Computer können mit Zahlen besser umgehen, Menschen in der Regel besser mit Namen. Deshalb hat man ein System ersonnen, das die numerischen IP-Adressen für die Endanwender in anschauliche Namensadressen übersetzt.

 

Dazu hat man ein System geschaffen, das ähnlich wie bei den IP-Adressen hierarchisch aufgebaut ist. Eine Namensadresse in diesem System gehört zu einer Top-Level-Domain und innerhalb dieser zu einer Sub-Level-Domain.

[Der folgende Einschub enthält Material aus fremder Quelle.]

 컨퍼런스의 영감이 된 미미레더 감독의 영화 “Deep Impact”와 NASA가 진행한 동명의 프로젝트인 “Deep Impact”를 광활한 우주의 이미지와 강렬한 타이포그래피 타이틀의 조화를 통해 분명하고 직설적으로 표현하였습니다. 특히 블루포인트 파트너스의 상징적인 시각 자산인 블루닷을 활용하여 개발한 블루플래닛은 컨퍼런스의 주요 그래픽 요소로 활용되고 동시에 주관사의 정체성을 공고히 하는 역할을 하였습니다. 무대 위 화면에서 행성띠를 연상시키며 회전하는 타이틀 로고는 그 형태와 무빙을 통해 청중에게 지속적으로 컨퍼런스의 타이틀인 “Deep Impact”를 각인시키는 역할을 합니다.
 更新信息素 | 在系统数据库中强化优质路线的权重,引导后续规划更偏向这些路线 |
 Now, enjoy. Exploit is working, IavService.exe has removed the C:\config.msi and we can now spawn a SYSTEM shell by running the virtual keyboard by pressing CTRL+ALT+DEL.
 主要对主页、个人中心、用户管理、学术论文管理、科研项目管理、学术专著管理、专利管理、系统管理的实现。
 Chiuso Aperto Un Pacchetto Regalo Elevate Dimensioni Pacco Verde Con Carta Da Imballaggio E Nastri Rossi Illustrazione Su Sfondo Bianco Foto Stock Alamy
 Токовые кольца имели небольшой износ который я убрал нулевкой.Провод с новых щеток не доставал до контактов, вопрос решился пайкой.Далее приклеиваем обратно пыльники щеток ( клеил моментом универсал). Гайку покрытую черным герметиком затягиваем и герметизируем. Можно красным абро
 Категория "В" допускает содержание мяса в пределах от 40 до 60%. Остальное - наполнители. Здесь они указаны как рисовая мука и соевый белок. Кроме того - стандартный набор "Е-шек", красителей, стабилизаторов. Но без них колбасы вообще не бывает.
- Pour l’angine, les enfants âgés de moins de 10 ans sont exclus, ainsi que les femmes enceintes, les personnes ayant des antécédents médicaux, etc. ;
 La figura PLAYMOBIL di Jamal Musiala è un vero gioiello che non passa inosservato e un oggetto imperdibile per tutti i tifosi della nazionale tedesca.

Jede Sub-Level-Domain kann nochmals untergeordnete Domains enthalten, muß es aber nicht. Die einzelnen Teile solcher Namensadressen sind wie bei IP-Adressen durch Punkte voneinander getrennt. Eine solche Namensadresse ist beispielsweise teamone.de.

 

Top-Level-Domains stehen in einem Domain-Namen an letzter Stelle. Es handelt sich um einigermaßen sprechende Abkürzungen. Die Abkürzungen, die solche Top-Level-Domains bezeichnen, sind entweder Landeskennungen oder Typenkennungen.

 

Beispiele sind:

de = Deutschland

at = Österreich

ch = Schweiz

it = Italien

my = Malaysia

com = Kommerziell orientierter Namensinhaber

org = Organisation

net = Allgemeines Netz

edu = amerikanische Hochschulen

gov = amerikanische Behörden

mil = amerikanische Militäreinrichtungen

biz = Business

info = Information

eu = Europa (ab 2005)

 

Jede dieser Top-Level-Domains stellt einen Verwaltungsbereich dar, für die es auch eine "Verwaltungsbehörde" gibt, die für die Namensvergabe von Sub-Level-Domains innerhalb ihres Verwaltungsbereichs zuständig ist. Wenn Sie beispielsweise einen Domain-Namen wie MeineFirma.de beantragen wollen, muß der Antrag an das DE-NIC (Deutsches Network Information Center) gestellt werden. Kommerzielle Provider erledigen das für Sie, wenn Sie dort einen entsprechenden Service in Anspruch nehmen. Ihren Wunschnamen erhalten Sie aber nur, wenn die Namensadresse noch nicht anderweitig vergeben wurde. Schlaufüchse sind daher auf die Idee gekommen, Namen großer Firmen, die noch keine eigene Domain beantragt haben, für sich zu reservieren, um sie dann, wenn auch die große Firma die Zeichen der Zeit erkennt, teuer an diese weiterzuverkaufen. Mittlerweile sind solchen Machenschaften Riegel vorgeschoben. Dennoch kommt es immer wieder zu Rechtsstreitereien wegen attraktiven Domain-Namen. Wenn etwa zwei zufällig gleichnamige Firmen, die sonst nichts miteinander zu tun haben, den gleichen Domain-Namen reservieren lassen wollen, kann nur eine der Firmen den Zuschlag erhalten. Um Streitigkeiten dieser Art zu reduzieren, gibt es mittlerweile auch neue Top-Level-Endungen.

 

Inhaber von zweiteiligen Domain-Namen können nochmals Sub-Level-Domains vergeben. So gibt es beispielsweise eine Domain namens seite.net. Die Betreiber dieser Domain haben nochmals Sub-Domains vergeben, wodurch Domain-Adressen wie java.seite.net oder javascript.seite.net entstanden.